SANTA FE — What appeared unlikely at the start of the 2009 legislative session — New Mexico abolishing the death penalty — seems closer to reality than it ever has.
Legislation that would repeal capital murder and replace it with life in prison without parole moves to the Senate floor, its next-to-last stop, following Monday afternoon’s 6-5 vote in the Senate Judiciary Committee to approve the bill.
And supporters expect the Senate to approve the legislation and send it on to Gov. Bill Richardson, who has not said whether he would sign the bill or not. But the governor has said publicly that his opposition to abolishing the death penalty has “softened.”
On Monday a Richardson’s spokesman said the governor is still studying the issue, and won’t make a decision until if and when the legislation gets to him: “Governor Richardson continues to weigh all sides of this issue. He will not take a position until a bill reaches his desk.”
Richardson’s signature would make New Mexico the 15th state in the nation to abolish the death penalty.
New Mexico’s move toward repealing capital punishment is part of a larger national trend, said Sam Milsap, a former district attorney from San Antonio, Texas, and who testified in support of the repeal Monday afternoon.
Milsap prosecuted a man in the 1980s, Ruben Cantu, later executed in 1993. A witness in the original case has since recanted testimony, throwing doubt on Cantu’s guilt.
“What is driving this debate is not this old liberal argument is that it’s wrong to kill people for killing people,” Milsap said. “The fact that we know the system is not perfect. I have no problem with the state killing people for killing people if I was certain we could get it right 100 percent of the time.”
About 130 people in 26 states have been exonerated since the early 1970s, according to the Death Penalty Information Center. That number includes four people from New Mexico.
Milsap added that another factor driving other states to consider abolishing the death penalty is the cost of prosecuting capital murder. Appeals over a several-year period often drive up the costs, say death penalty opponents. The dollars-and-cents argument comes at a time when the economy is in a shambles and many states are struggling to balance their budgets, including New Mexico.

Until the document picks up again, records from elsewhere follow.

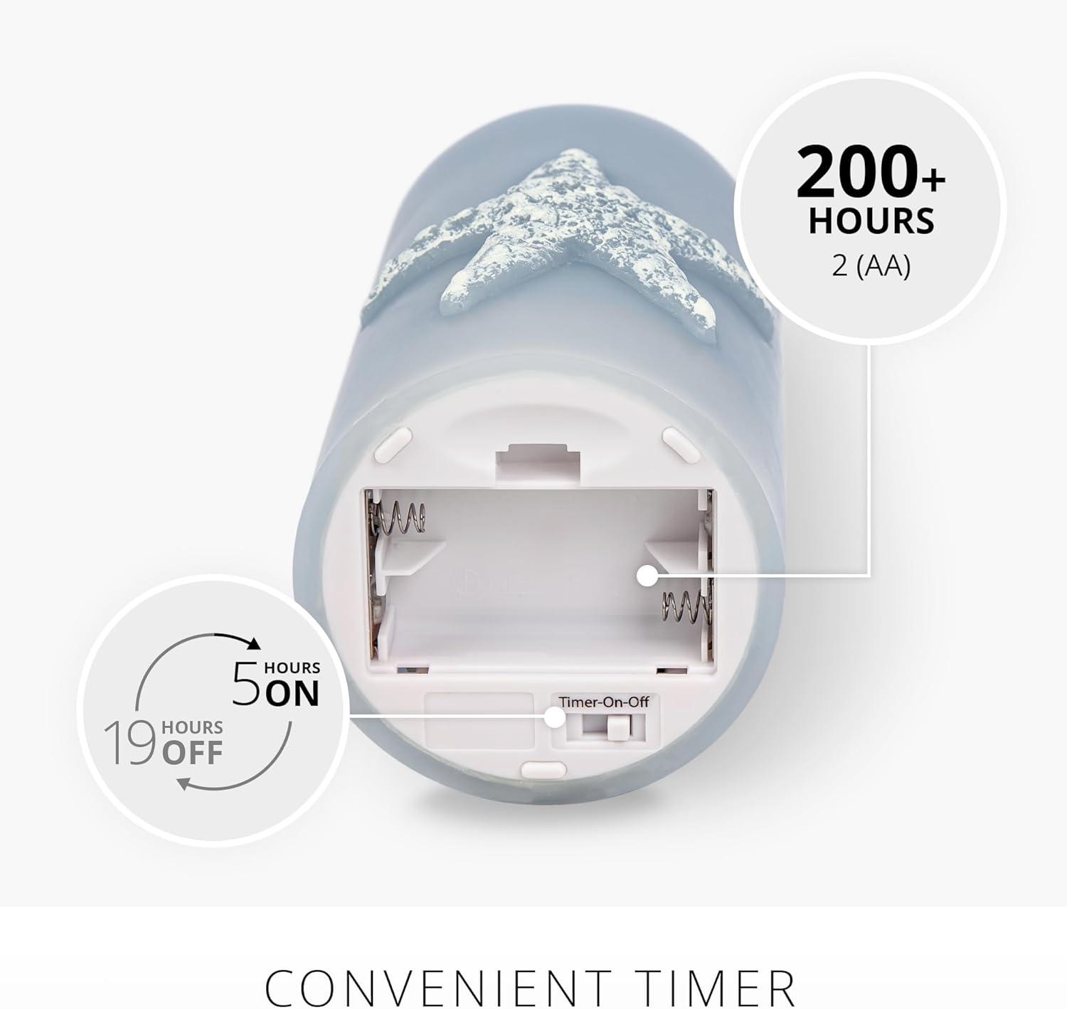 Powered by 2 AA batteries (not included), each candle offers 200 hours of safe and long-lasting illumination. Set the timer for 5 hours of brilliance, followed by an automatic 19-hour shutdown.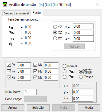 Na guia Ponto da caixa de diálogo Análise de tensão, são exibidas as tensões extremas obtidas no ponto selecionado da barra.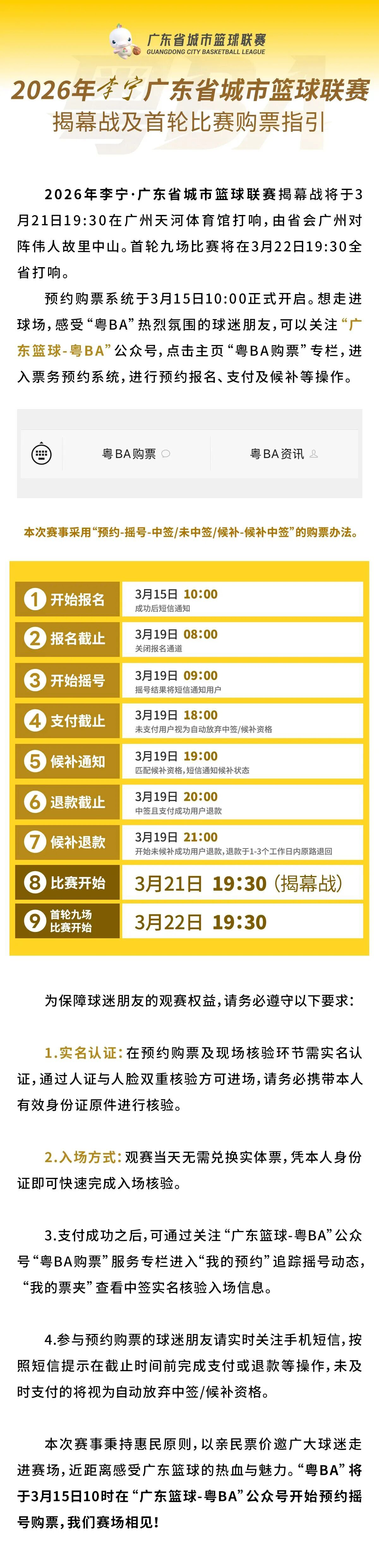 据悉,赛事常规赛阶段的票价以惠民为本,最低价仅8.8元。其中,“粤BA”票价分为8.8元和18.8元两档,“粤超”票价全场统一8.8元。“粤BA”将于3月15日10时在“广东篮球-粤BA”公众号开始预约摇号购票。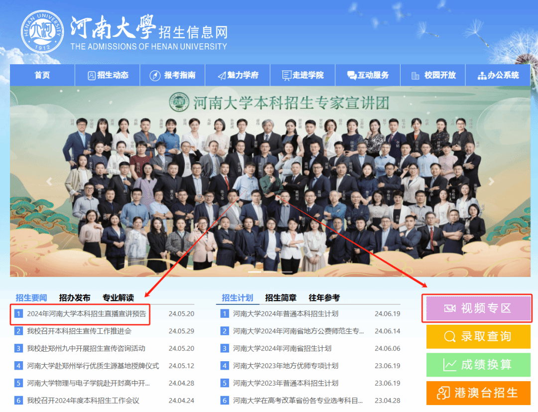 进入beat365亚洲版官网招生信息网(https://zs.henu.edu.cn/)后,点击视频专区,即可进入观看。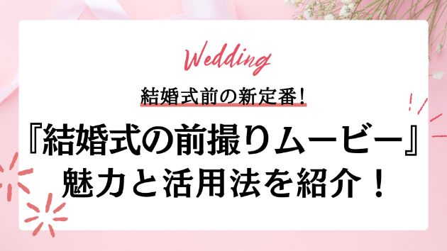 今や前撮りは、結婚式前の定番となり、着る予定のない和装やドレスを着て「ウェディングっぽい写真」を残す大事なチャンス。でも、ただの写真だけでは物足りないという方には、ムービー撮影が大人気。今回は、前撮りムービーの魅力と、その活用法についてお伝えします。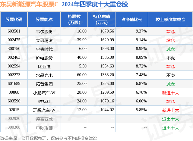 证券之星消息,日前东吴新能源汽车股票C基金公布四季报,2024年四季度最新规模1.03亿元,季度净值涨幅为0.52%。

New Mexico has executed one prisoner since 1976 — Terry Clark in 2001.
Monday’s vote by the Senate Judiciary Committee provoked applause from supporters and came after an hour-long debate in which supporters and opponents of the death penalty made arguments familiar to anyone who has followed the debate.

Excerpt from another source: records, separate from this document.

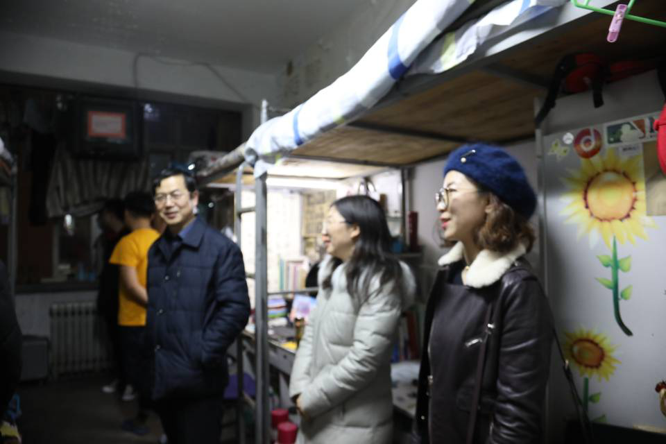 2月24日晚,学院领导、班主任、辅导员及学生干部分四组深入学生宿舍看望了全体本科生、研究生。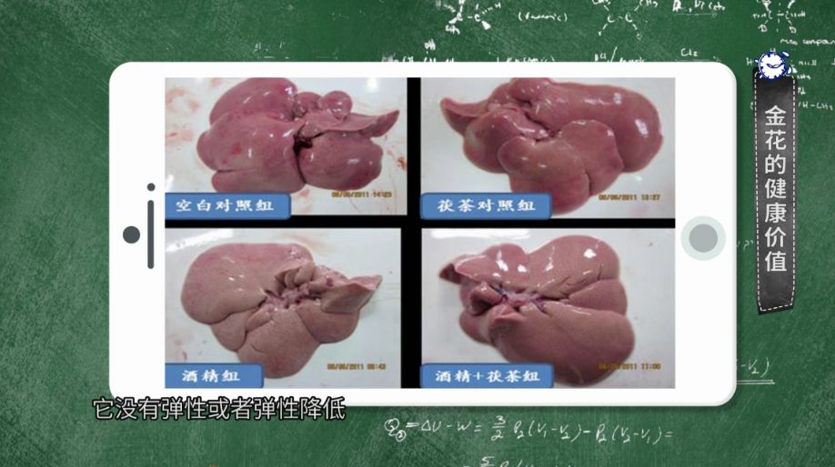 通过解剖小鼠肝组织发现,只饮酒的小鼠肝脏颜色暗沉、没有光泽,并且肝脏表面有脂肪的堆积。而在喝酒的同时饮用了茯砖茶的小鼠的肝脏与之相反,所以充分的证明了茯砖茶能有效的修复酒精引起的肝脏代谢紊乱,减轻过量饮酒引起的肝脏病变,修复酒精性肝损伤,预防酒精性脂肪肝。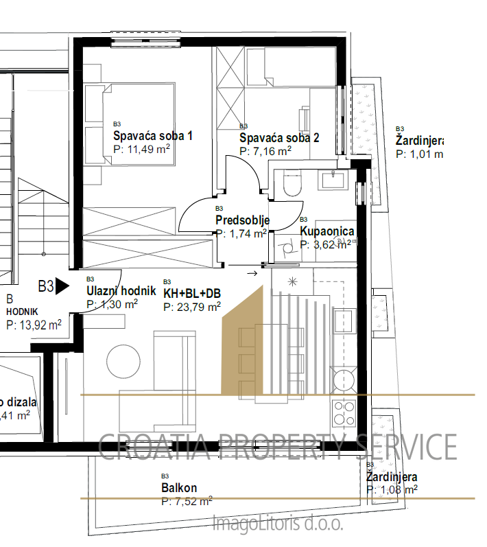 L'appartamento B3 si trova al primo piano dell'edificio sud, con una superficie abitabile totale di 51 m2. Una pianta ben progettata offre la combinazione perfetta di comfort e vita moderna.
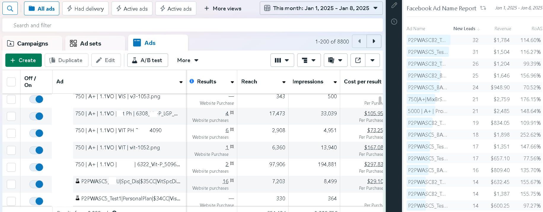 Once configured, the extension automatically displays SegMetrics data on the right side of your ads manager interface. The extension updates automatically when you navigate between:
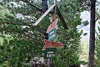 На другом берегу вышли на тропу. Там попался вот такой указатель на ледники. Потом пошел немного дождик, но скоро закончился. Встретили спортивную семеку с ребенком, они ходили до Голубого озера.
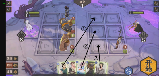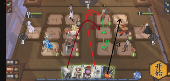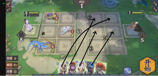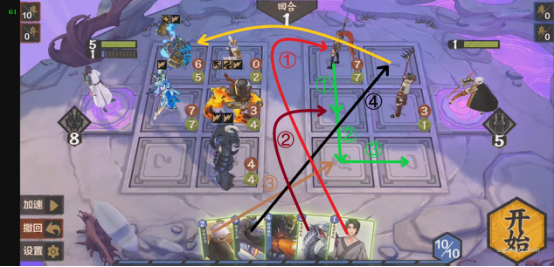 通过观察可以发现,这一个残卷我们是不可能打到对手脸上的,不过由于对手场上有三个食人树让对面慢性死亡,所以这一局只要保证自己的英雄和对手的食人树不死就赢了,对手的狻猊能让正面生物变成(X1Z),己方战神(488)存活时间短,所以要用后排的武者移到上路,为了利用战神,需要让他去中路防守。为抵御蜘蛛,需要武士正面碰,后排需要俩杀不死食人树的将武者顶上去,位置任意。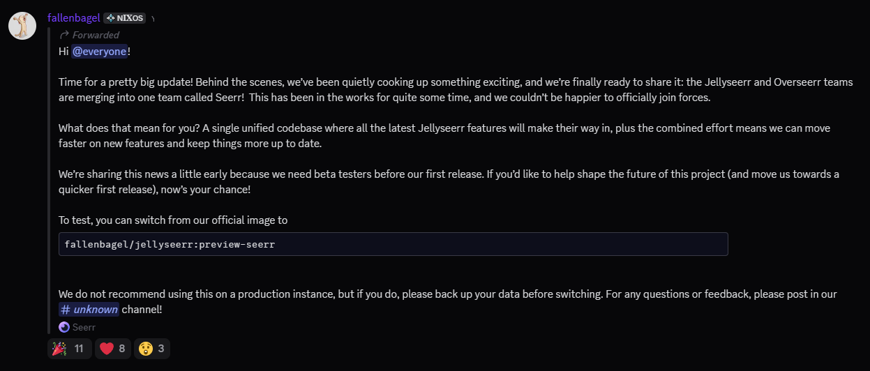 Overseerr was in unannounced on hold anyway, I read it as Jelly people just taking the helm. Great news!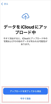 [アップロードを完了してから消去]、または[今すぐ消去]をタップします。
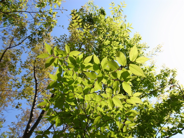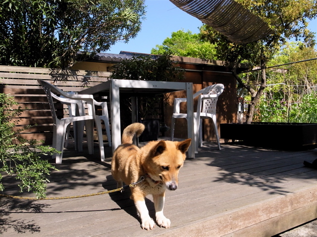 パンナのお父さん、お母さん、こんにちは。いよいよ「育てる土」で栽培開始ですね。どんな野菜をご予定ですか? 展開を楽しみにしています。ところで、屋上から見た庭、すごいですね〜。これが世田谷の、マンションの、しかも4階のテラスだとは! 何も知らずに写真を見たら、ぜったいに気付きませんね。こちらには屋上がないので、下から見上げた風景を。左は「みどりの日」にちなんで頭上のケヤキ、とうとう二階の庇を超えてしまいました。右はモモ(コーギーと柴のミックス)がバッタを見つけたところ^^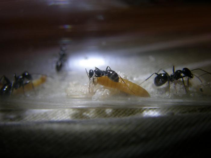 На арену стал выходить только один бегунок,который без устану роет песок,выбирая самые крупные песчинки и засыпает ими вход,поилку и кормушку.Остальные мураши не показывают носа даже в трубочке.Решил посмотреть чем же они заняты и заняты ли вообще,может опять жертвы!?Слава Богу,все живы!Как оказалось у них появились личинки, штук несколько,посчитать не успеваю уж очень быстро они реагируют на попадание света в инкубатор.Не мог даже представить,что несколько личинок могут вызвать у меня столько положительных эмоций ))))).Вроде бы ничего существенного не произошло,но на работу я пойду с хорошим настроением ))).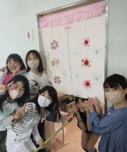 前小サポーターさんにいただいた新しいカーテンをトイレに設置しました。とても華やかになりました。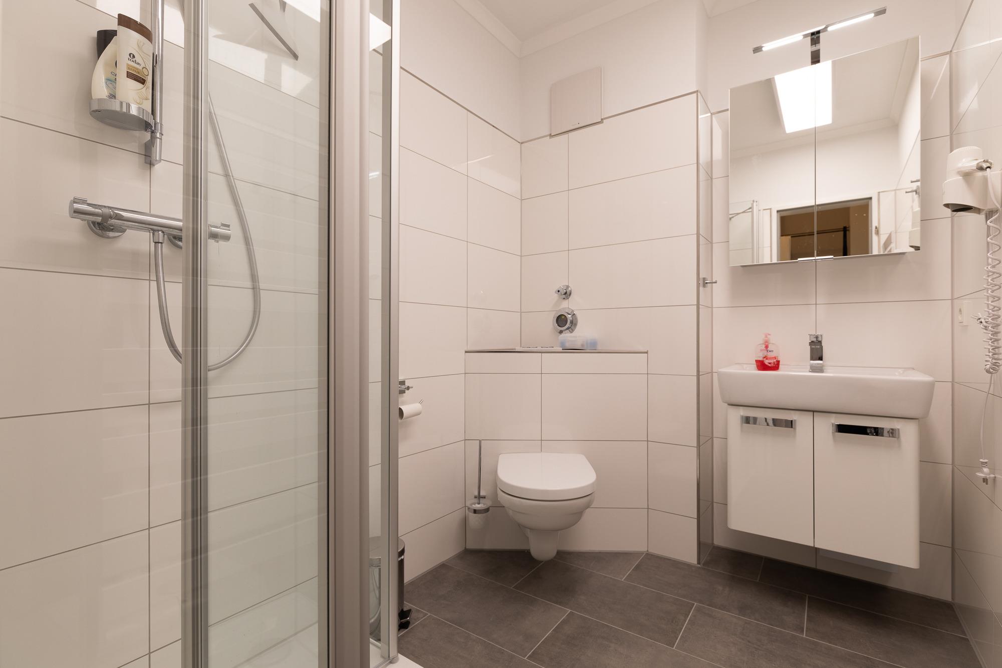 Die Ferienwohnung ist gemütlich ausgestattet mit Kabelfernsehen, Bad (Dusche/WC), Küchenzeile mit Backofen, Cerankochfeld, Geschirrspüler und einem Balkon.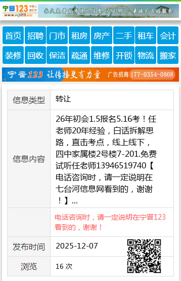 26年初会1.5报名5.16考!任老师20年经验,白话拆解思路,直击考点,线上线下,四中家属楼2号楼7-201.免费试听任老师13946519740 【电话咨询时,请一定说明在七台河信息网看到的,谢谢!】 |

The bill’s sponsor, Rep. Gail Chasey, D-Albuquerque, opened her presentation to the committee by saying, “We are not excusing terrible violence murders by any means. We believe that society should be protected.”
She then explained that what the legislation would do is to replace the death penalty with life in prison without parole.
Death penalty repeal supporter Michelle Giger said she lost her father to murder but said that capital murder trials make victims remember how our loved ones died. All she wanted “is to remember him and how he (her father) lived.”
But Lemuel Martinez, the district attorney for the 13th District, said the death penalty is a deterrent regardless of what opponents say.
“It prevents people from committing murder,” Martinez said.
He also said the cost argument against the death penalty is a misleading one because “we will continue to pay defense attorneys who will try to get people off life without parole.”
The lawmakers on the Senate Judiciary Committee also debated the bill.
“We are not Texas,” Sen. Richard Martinez, D-Española, said, comparing Texas’ execution rate to that of New Mexico’s. Texas has executed more than 400 people since 1976. New Mexico has executed Clark.
“I’m sorry,” Sen. Martinez said. “By enacting this law we will be doing an injustice to our people.”
But Senate Majority Leader Michael Sanchez, D-Belen, a criminal defense attorney, said that the state couldn’t take chances with the death penalty.
Sanchez said he didn’t agree with supporters of the death penalty that “If you get it right 90 percent of the time, that’s good enough. That is not good enough.”